Instructions to follow: Return the listing below exactly. Leave its pictures out.

--- Raw data Enclosed Below ---

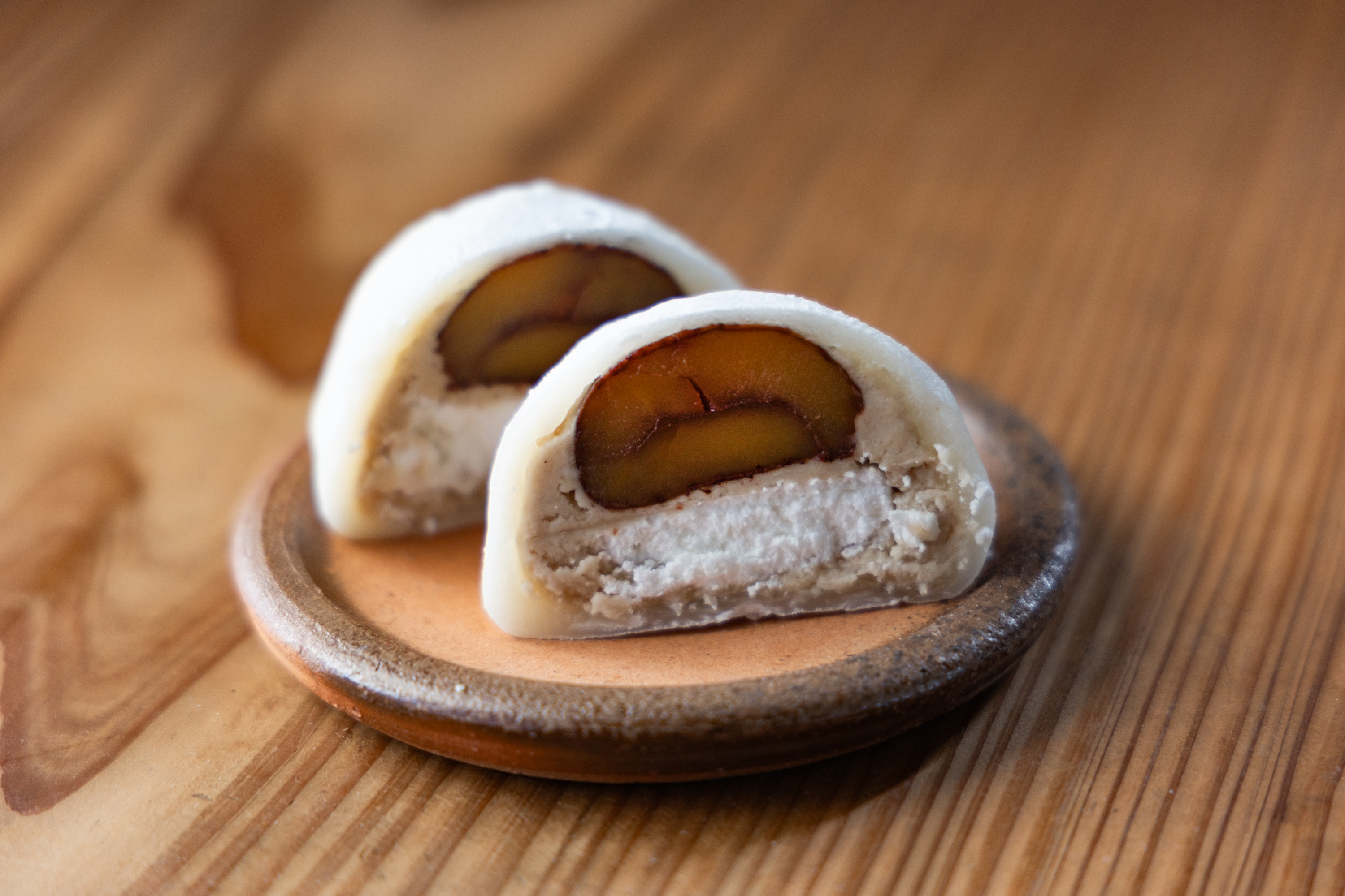 ふわふわの生地のどら焼きが人気のキチココ。毎年この時期はプレミアム和栗が人気です。ふわふわのどら生地の間にはマロンクリームとキチココの美味しい生クリームにごろっと一粒の栗が入っててとっても美味しい!どら焼き職人にこだわりまくって注文したという渾身の逸品ですのでぜひお見逃しなく〜
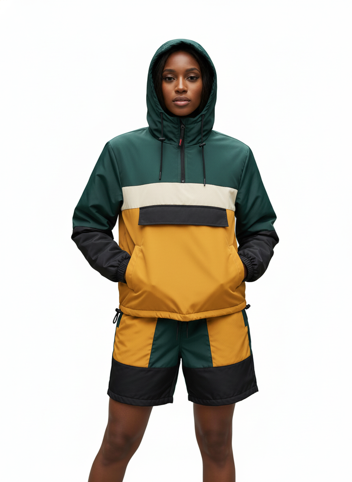 Conjunto de dos piezas para hombre con cremallera OEM, chaqueta y pantalones cortos cortavientos personalizados, conjunto de dos piezas cortavientos reflectante de nailon.
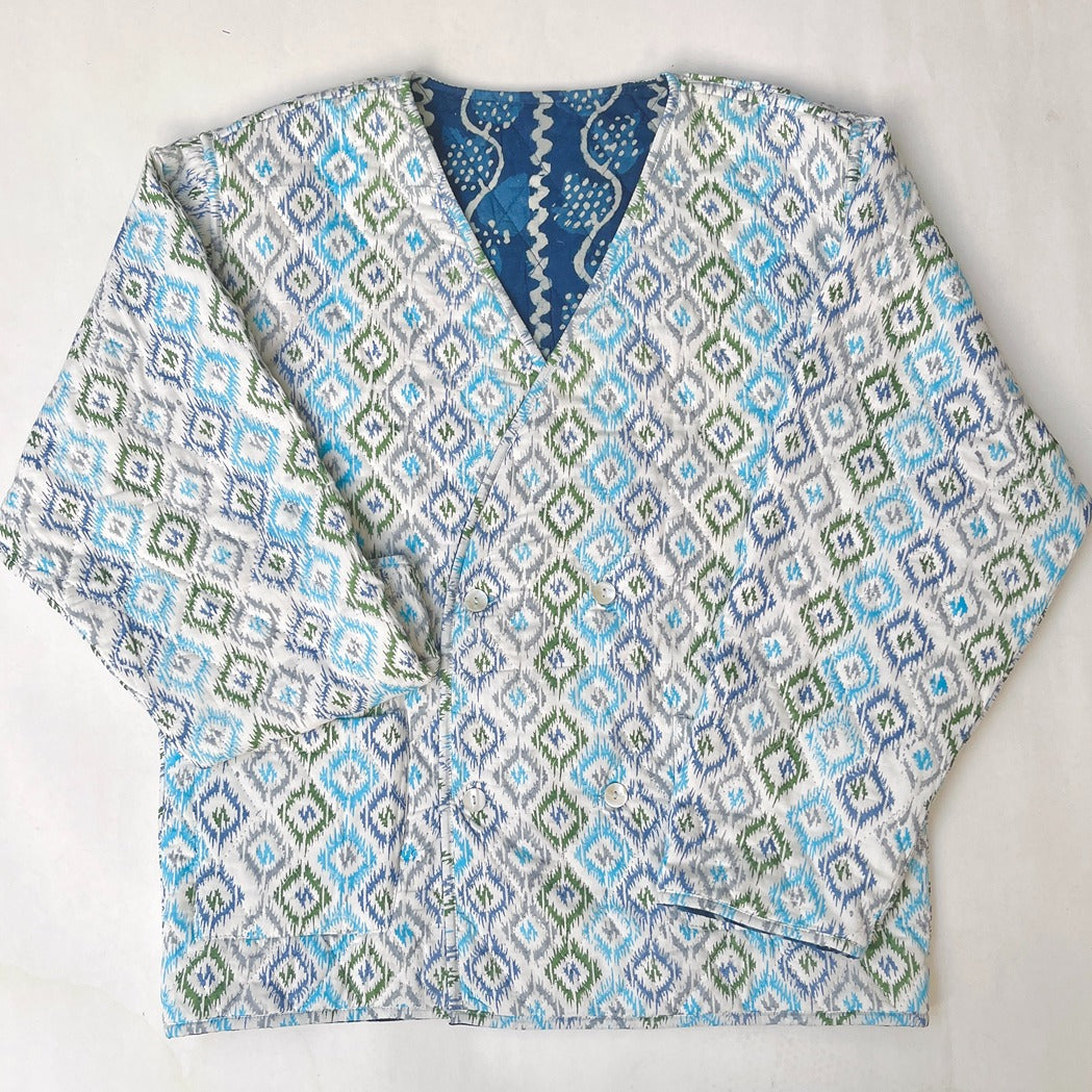 Elevate your winter wardrobe with our 100% hand-block printed reversible cotton quilt jacket. Crafted with love, this jacket is filled with soft, breathable cotton for ultimate comfort and warmth. Its oversized fit, full sleeves, and practical pockets on each side make it both stylish and functional. The jacket falls just below the waist, with a flattering length of 25" to 27", and the reversible design offers versatility, giving you two stunning looks in one. Perfect for layering over casual or formal outfits, this piece seamlessly blends tradition with contemporary style.

--- End of Enclosed Raw data ---

Task output:
 ふわふわの生地のどら焼きが人気のキチココ。毎年この時期はプレミアム和栗が人気です。ふわふわのどら生地の間にはマロンクリームとキチココの美味しい生クリームにごろっと一粒の栗が入っててとっても美味しい!どら焼き職人にこだわりまくって注文したという渾身の逸品ですのでぜひお見逃しなく〜
 Conjunto de dos piezas para hombre con cremallera OEM, chaqueta y pantalones cortos cortavientos personalizados, conjunto de dos piezas cortavientos reflectante de nailon.
 Elevate your winter wardrobe with our 100% hand-block printed reversible cotton quilt jacket. Crafted with love, this jacket is filled with soft, breathable cotton for ultimate comfort and warmth. Its oversized fit, full sleeves, and practical pockets on each side make it both stylish and functional. The jacket falls just below the waist, with a flattering length of 25" to 27", and the reversible design offers versatility, giving you two stunning looks in one. Perfect for layering over casual or formal outfits, this piece seamlessly blends tradition with contemporary style.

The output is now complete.